On Mon, Jul 1, 2019 at 4:32 PM Joe Jones <09cicada@xxxxxxxxx> wrote:
>
> Hello,
>
> I am limiting egress traffic to 30Mbps (30mbit) using hbt with a leaf
> class for port 22.
>
> tc class add dev eth0 parent 20: classid 20:20 htb rate 30mbit ceil
> 32mbit prio 1
>
> This all works as expected but I do see some messages in the log
> during heavy traffic pasted below.
>
> "HTB: quantum of class 100020 is big.
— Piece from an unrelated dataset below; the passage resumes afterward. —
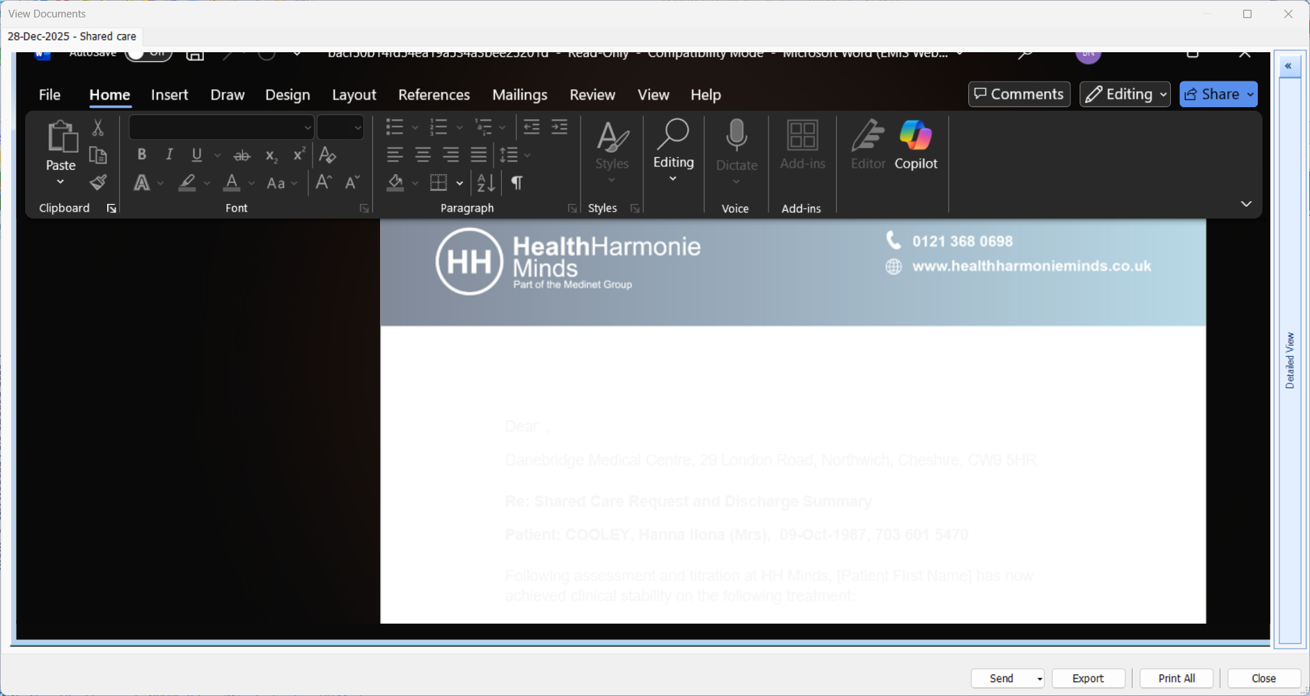 If the font in MS Word is very light and indistinct when opening or editing Word Templates in EMIS Web - such as below:

Consider r2q change."
>
> From what I have read the quantum is calculated as (rate in bytes per
> sec / r2q-default 10).
> In my case 30mbit (30000000/8) / 10 = 375000 (3mbit). The reported
> quantum is significantly less but still receive the error in the
> kernel log.
> I read that the quantum is only used when >limit and <ceil. I am most
> definitely at ceiling at all times as I pass heavy traffic.
>
> So questions.
> Is there a right way to calculate the correct quantum?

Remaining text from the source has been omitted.